As entidades receberam, de diversas fontes, informações de que, na verdade, os policiais militares que faziam segurança clandestina na rede de farmácias tinham ordem de executar os prováveis assaltantes. “Estranhamos esse modus operandi tão parecido e não acreditamos que pudesse ser coincidência, como afirmava a Pague Menos”, afirma Renato Roseno, coordenador do Cedeca-CE, que apresentou o caso à OEA.
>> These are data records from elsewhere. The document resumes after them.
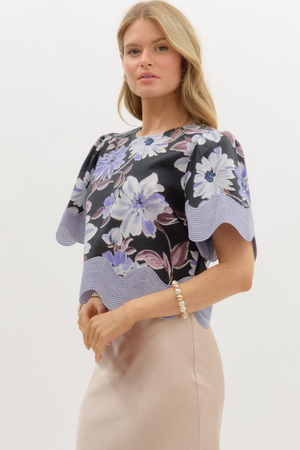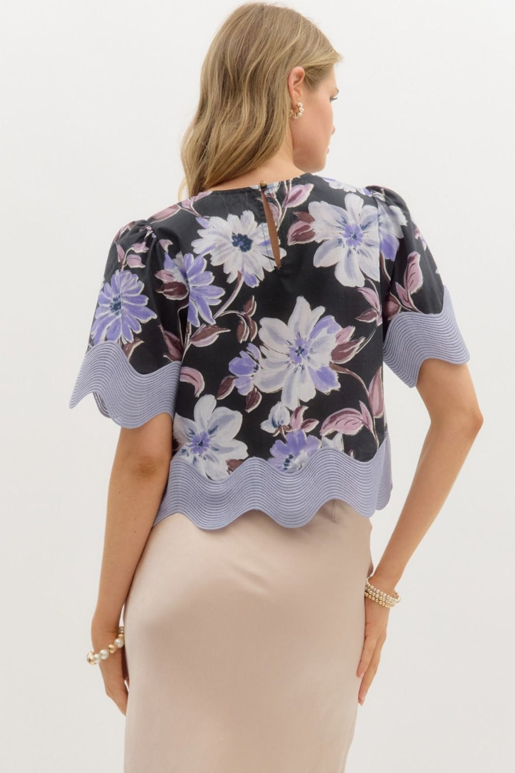 Embrace midnight elegance in the Moon Bloom Blouse, a dreamy statement piece that blends moody florals with effortless sophistication. Designed in a lightweight woven fabric, this short-sleeve pullover top features an enchanting black and midnight floral print, a relaxed fit, and oversized trim finishes at the hem and sleeves for added drama. A single button keyhole closure at the back completes the look with a delicate touch.
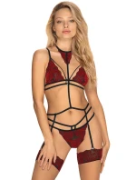 Třídílná souprava spodního prádla z efektní krajky v barvě červeného vína. Pokryté stylovým květinovým ornamentem. Vzor je cítit pod prstem a vypadá mimořádně ušlechtile. V tomto spodním prádle budete jistě vypadat nadpozemsky. Sada obsahuje podprsenku s měkkými košíčky s ozdobnými tenkými ramínky na dekoltu, krásné, pohodlné kalhotky a podvazkový pás v podobě elastických pásků s odpovídající krajkovou ozdobou na krku.
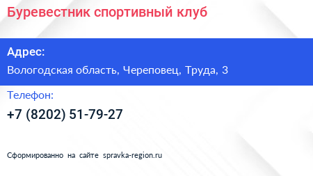 Буревестник, спортивный клуб по адресу Вологодская область, Череповец, Труда, 3 в дальнейшем Организация, размещена в следующих категориях:
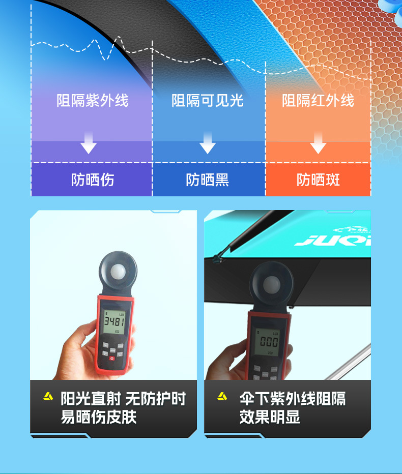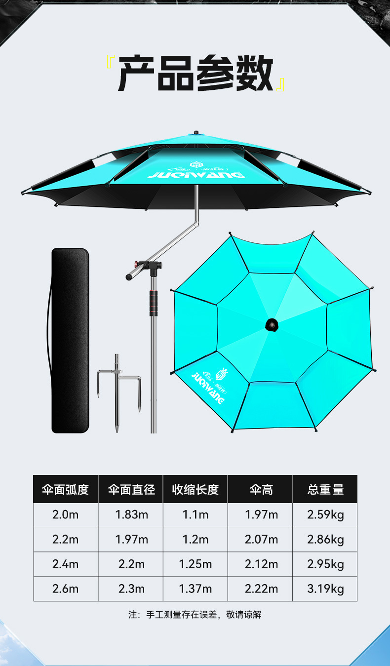 - 【双360调节加硬不锈钢零透光防暴雨】牛津布黑胶2.4米蓝黑

Ao levar esses crimes à CIDH, o Cedeca espera fazer mais pressão sobre o governo brasileiro e conseguir que sejam tomadas medidas efetivas para punir esses crimes. Os peticionários querem que a comissão solicite a federalização do caso. “Estamos convencidos da necessidade de deslocar a competência para a esfera federal”, afirma Renato Roseno. Essa certeza se dá por conta por conta da demora injustificada na resolução do caso, que gera um elevado nível de impunidade. Segundo Roseno, o governo do Estado não fez quase nada para elucidar os crimes e responsabilizar os culpados desde as primeiras denúncias.

Depois de dois anos de investigação, já em 2004, a polícia federal determinou a prisão preventiva de sete acusados. No entanto, um deles ainda está foragido e os outros seis foram soltos após menos de dois meses, com parecer do Ministério Público Estadual favorável à soltura. A grande maioria dos casos sequer teve inquérito instaurado, ainda que existam provas concretas que comprovam o envolvimento dos policiais militares. Foram divulgadas na imprensa, inclusive, uma série de gravações realizadas pela polícia federal que continham conversas telefônicas de policiais que participaram dos crimes e mostravam a veracidade das denúncias.
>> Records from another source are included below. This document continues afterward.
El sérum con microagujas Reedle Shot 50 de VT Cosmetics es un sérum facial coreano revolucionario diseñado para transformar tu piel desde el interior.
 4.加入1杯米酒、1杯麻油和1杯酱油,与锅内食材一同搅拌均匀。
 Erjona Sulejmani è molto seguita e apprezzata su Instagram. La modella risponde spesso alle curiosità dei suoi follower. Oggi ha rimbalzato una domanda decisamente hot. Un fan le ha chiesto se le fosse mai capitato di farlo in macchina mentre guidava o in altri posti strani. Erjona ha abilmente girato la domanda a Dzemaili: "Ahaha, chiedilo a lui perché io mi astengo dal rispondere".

Em maio desse ano, a procuradora federal dos direitos do cidadão da Procuradoria Geral da República, Ela Wiecko de Castilho, levou um relatório sobre o caso ao Conselho Nacional de Defesa dos Direitos Pessoa Humana (CDDPH), recomendando o afastamento dos policiais envolvidos. Isso fez com que as investigações do Ministério Público Estadual voltassem a andar. O CDDPH convocou a procuradora-geral de Justiça e o secretário estadual de segurança do Ceará para prestar esclarecimentos em uma audiência do órgão em Brasília. Como não foram atendidos, resolveram realizar sua sessão mensal em Fortaleza. Convocaram novamente essas autoridades, mas ainda assim elas não compareceram. Eles também haviam solicitado audiência com o governador do Estado, Lúcio Alcântara (PSDB), mas não foram recebidos por ele.

Só nesta quinta-feira (27), após o caso ter sido levado à CIDH, é que sete acusados de três dos 30 crimes tiveram a prisão preventiva solicitada novamente e foram pronunciados pelo Ministério Público Estadual, o que significa que serão levados a julgamento.

O Cedeca-CE pretende também que a comissão solicite ao governo brasileiro a adoção de todas as providências necessárias para acabar com as estruturas de segurança clandestina envolvendo policiais militares e proteja vítimas e testemunhas denunciantes, já que várias delas vêm sendo ameaçadas e o programa de proteção a testemunhas no Estado do Ceará enfrenta dificuldades. “A figura do ‘bico’ do policial militar na segurança clandestina ocorre no país todo por causa dos baixos salários e do sucateamento da segurança pública. Os vigilantes clandestinos não estão cadastrados na polícia federal e não têm nenhum tipo de controle disciplinar”, diz Roseno. O Cedeca-CE pediu ainda que a CIDH estude a possibilidade de enviar um de seus membros para visitar o Ceará e avaliar a situação in loco.

Para Roseno a denúncia é uma das mais graves violações de direitos humanos no Brasil nos últimos anos, por envolver oficiais de alta patente da polícia militar, um grande grupo econômico com filiais em todo o Brasil e uma empresa de segurança, num grupo que extermina principalmente adolescentes.